## Work instructions
Up to and including the line with "今日U19馬德里德比,皇馬U", write out the listing from its first line, minus the pictures.

## Source material
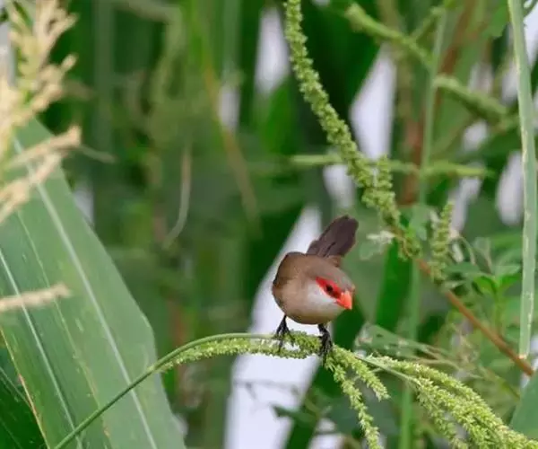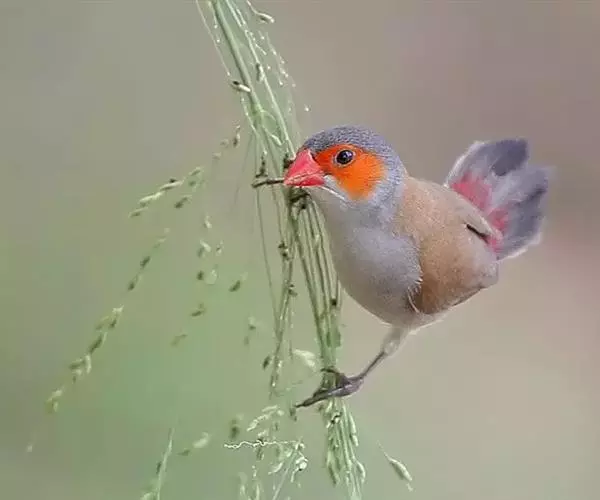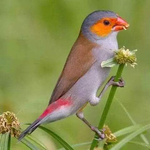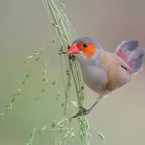 尾:尾部是橙颊梅花雀个体沟通的重要工具。雄鸟在向雌鸟求偶炫耀时,会前后轻弹其尾。
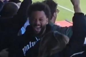 今日U19馬德里德比,皇馬U19vs馬競U19。馬塞洛15歲的兒子恩佐-阿爾維斯上演皇馬U19首秀,貢獻一次腳后跟助攻,看臺上恩佐的父親馬塞洛興奮地拍手慶祝,除了馬塞洛之外,安切洛蒂也攜皇馬教練組一起現(xiàn)場觀看了這場比賽。
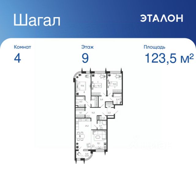 Продается 4-к квартира без отделки в ЖК "Шагал". Общая площадь квартиры — 121.6 кв. м, этаж 3 из 10. Тип дома — монолитный. Цена указана при 100% оплате. Квартал Шагал — крупнейший проект комплексного освоения в Москве. В проекте реализуется продуманная система маршрутов. Еда, покупки, услуги, прогулки, спорт, образование, работа и развлечения — все будет находиться рядом с домом: принцип 15-минутной доступности инфраструктуры и сервисов. Разнообразие и продуманность пешеходных маршрутов, а также короткие расстояния между основными точками притяжения мотивируют резидентов Шагал с удовольствием передвигаться по району пешком, не выпадая из ритма большого города. Продуманная транспортная сеть района и безопасный скоростной режим создают комфортные условия для перемещений любым способом: на автобусе, машине, самокате или велосипеде. Не нужно выезжать из района, чтобы получить комфорт и сервис самого высокого современного стандарта: все необходимые услуги, инфраструктура, парки и вторая по протяженности набережная в городе — на расстоянии 15-минутной прогулки от вашего дома. Квартал Шагал станет первым в Москве жилым районом, где будут комплексно реализованы инновационные подходы в проектировании и строительстве зданий. Архитектурная композиция состоит из домов отличающегося типа. Высотные башни-доминанты с видовыми квартирами, дома пониже, растворяющиеся в спокойствии внутренних двориков, малоэтажные камерные таунхаусы и разноэтажные дома с лоджиями на первой береговой линии соединяются в одно эстетичное современное произведение. В результате создаётся насыщенное идентичное пространство, подчёркнутое плавностью природных форм, наполненное светом, воздухом и свободой. Продам 4-комнатную квартиру в новостройке на набережной Марка Шагала в Москве.
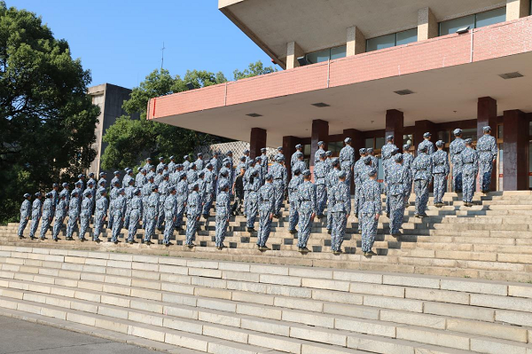 “齐步走!一二一、一二一!立正!”尽管赤日当空,但新生们热情不减,精神抖擞地参与到训练当中,一遍又一遍地练习新学的动作,站军姿、齐步走、敬礼、摆臂……在教官的一一指正下,开始渐入佳境,将这些动作刻入骨子里,汗水一滴一滴地打在地上,是他们每个人的艰辛与坚持的见证。与此同时,由各排精英组成的方阵队也开启了他们的正式训练。台阶军姿是他们的第一课,这是为了训练队员将重心前移后,增强身体的稳定性,同时也锻炼队员的腿部力量,让他们体会由腿部到全身的发力特点,为以后的训练打下良好的基础。“兄弟!加油!”,顶着炎炎烈日,正在站台阶军姿的他们互相鼓励、呐喊助威,为同伴打气的同时,也是在为自己鼓劲,他们脸上的汗水也在阳光的照耀下折射出耀眼的光芒。
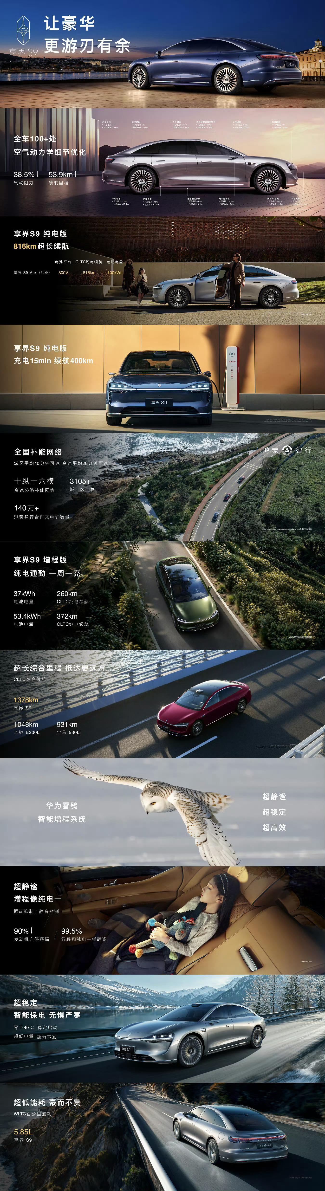 真的很喜欢余总今天说的这个词:“从从容容、游刃有余”。这不仅是一种生活态度,更应该是豪车带给我们的感觉。新款享界S9给我的第一印象就是“稳”。因为它站在了巨人的肩膀上,沿用了尊界S800和问界M9的核心配置,这让它在30万级轿车里显得底气十足。无论是城市通勤的灵活性,还是长途出行的续航表现,都让人觉得很安心。这种越级的豪华感,确实很吸引人呀!

## Solved problem
 尾:尾部是橙颊梅花雀个体沟通的重要工具。雄鸟在向雌鸟求偶炫耀时,会前后轻弹其尾。
 今日U19馬德里德比,皇馬U19vs馬競U19。馬塞洛15歲的兒子恩佐-阿爾維斯上演皇馬U19首秀,貢獻一次腳后跟助攻,看臺上恩佐的父親馬塞洛興奮地拍手慶祝,除了馬塞洛之外,安切洛蒂也攜皇馬教練組一起現(xiàn)場觀看了這場比賽。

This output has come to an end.